Let’s be more conservative and set it to 20% of the original growth rate:
essential_genes(model, min_growth=0.2)
Remember, gene (and reaction) essentiality is very much depedent on the environmental conditions.
Let’s try changing the carbon source:
essential_genes(model, constraints={'R_EX_glc_e': 0, 'R_EX_fru_e': (-10, 0)})
Omics-based methods¶
There are currently two simulation methods based on transcriptomics data implemented:
GIMME
from framed import GIMME
solution = GIMME(model, gene_expression)
Additional arguments (cutoff percentile, growth fraction) can be specified:
GIMME(model, gene_expression, cutoff=25, growth_frac=0.9)
E-Flux
from framed import eFlux:
solution = eFlux(model, gene_expression)
Additional arguments can be specified to scale the reaction rates to flux units using a measured reaction rate:
eFlux(model, gene_expression, scale_rxn='R_EX_glc_e', scale_value=11.5)
Strain design¶
framed doesn’t aim to be a strain design package.

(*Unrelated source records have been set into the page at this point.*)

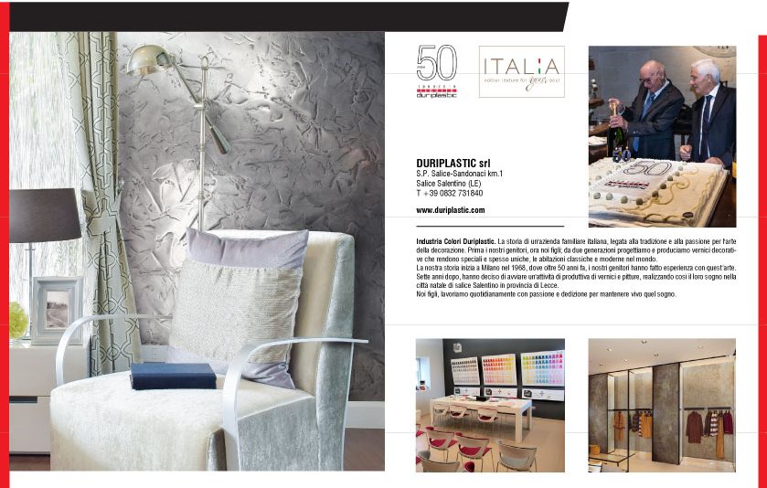 Industria Colori Duriplastic. La storia di un’azienda familiare italiana, legata alla tradizione e alla passione per l’arte della decorazione. Prima i nostri genitori, ora noi figli; da due generazioni progettiamo e produciamo vernici decorative che rendono speciali e spesso uniche, le abitazioni classiche e moderne nel mondo.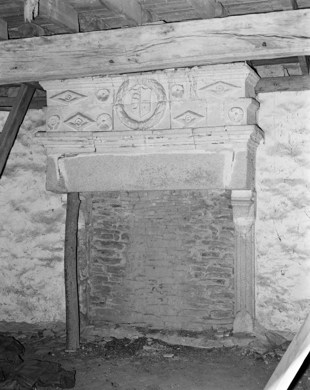 Manoir, étage, mur nord, cheminée.Immatriculation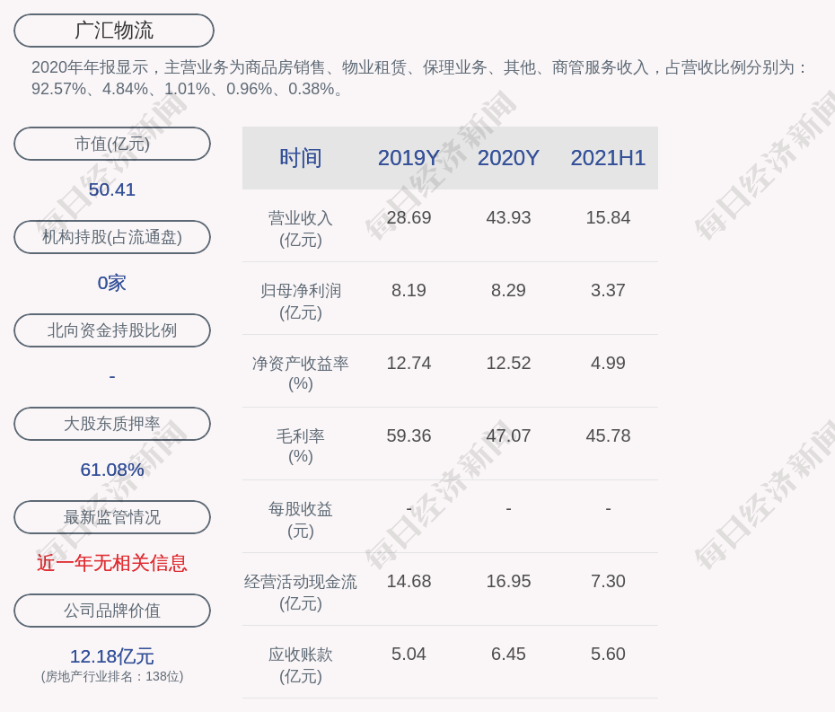 2020年年报显示,广汇物流的主营业务为商品房销售、物业租赁、保理业务、其他、商管服务收入,占营收比例分别为:92.57%、4.84%、1.01%、0.96%、0.38%。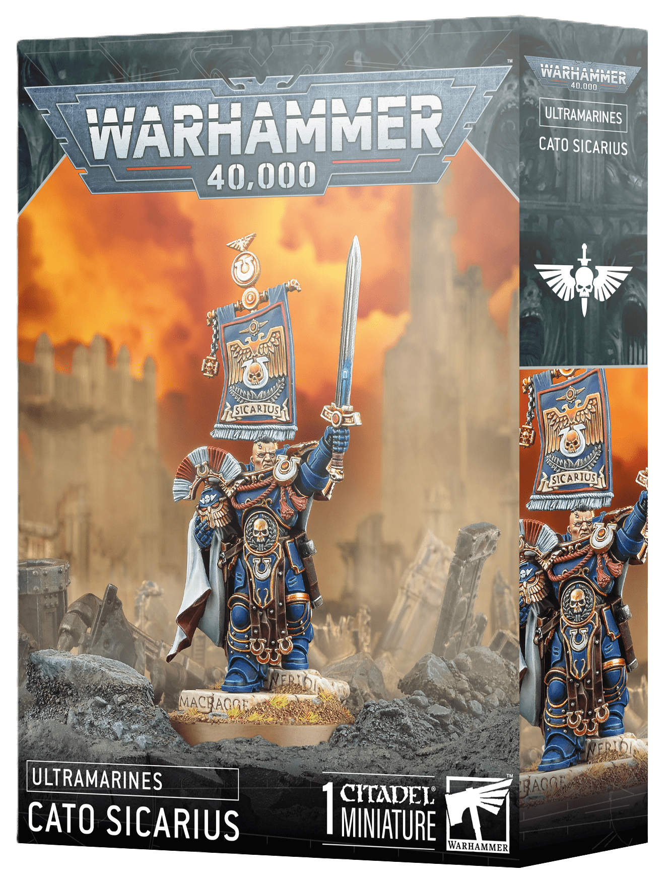 Cato Sicarius es un noble vástago de Talassar y uno de los campeones más consumados de los Ultramarines. Como Capitán de la Guardia de honor Victrix, posee un excelso dominio de la espada y es un auténtico maestro de los asaltos relámpago, desplegando a sus guerreros con una determinación y velocidad nacidas de la confianza más absoluta.

For that try Cameo instead.
Nonetheless, a few naive strain design methods are provided.
The first is a brute force approach that tries all possible combinations of gene/reaction deletions.

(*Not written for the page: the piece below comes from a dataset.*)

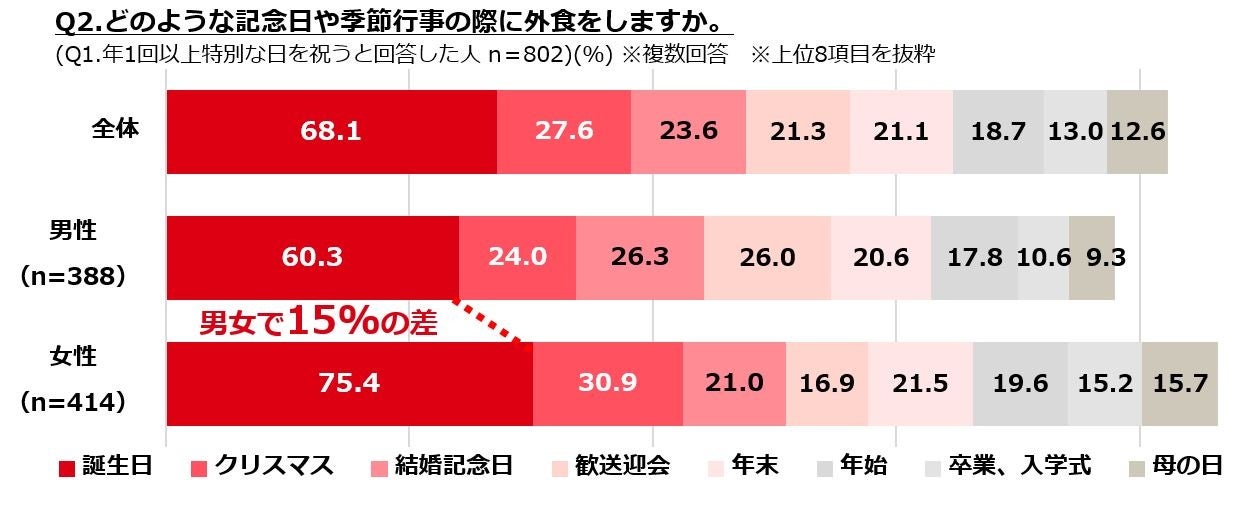 また、ハレの日外食で「飲食店を選ぶポイント」をみると「誕生日・記念日特典がある」が、男性で約2割なのに対し、女性では約4割が回答。予算は奮発しつつ、特典の恩恵も受けてさらに豪華なハレの日外食にしようと考える女性が多いのかもしれません。

from framed import combinatorial_gene_deletion
objective = lambda x: x['R_EX_succ_e']
solutions = combinatorial_gene_deletion(model, objective, max_dels=3)
from framed import combinatorial_reaction_deletion
objective = lambda v: v['R_EX_succ_e']
solutions = combinatorial_reaction_deletion(model, objective, max_dels=3)
You can define more complex objective functions such as the BPCY, and you can easily change the simulation method:
biomass = model.detect_biomass_reaction()
BPCY = lambda v: v[biomass] * v['R_EX_succ_e'] / v['R_EX_glc_e']
solutions = combinatorial_gene_deletion(model, BPCY, method='MOMA', max_dels=3)
The other method is a heuristic hill-climbing approach:
from framed import greedy_gene_deletion
objective = lambda x: x['R_EX_succ_e']
solutions = greedy_gene_deletion(model, objective, max_dels=5)
from framed import greedy_reaction_deletion
objective = lambda x: x['R_EX_succ_e']
solutions = greedy_reaction_deletion(model, objective, max_dels=5)
You can fine-tune the balance between size of search space and speed by adjusting the population size:
solutions = greedy_gene_deletion(model, objective, max_dels=5, pop_size=20)
Plotting¶
framed provides some built-in plotting utilities. For instance, you can plot a flux envelope:
from framed import plot_flux_envelope
plot_flux_envelope(model, 'R_EX_o2_e', 'R_EX_glc_e')
Kinetic modeling¶
framed implements some basic (and experimental) support for working with kinetic models.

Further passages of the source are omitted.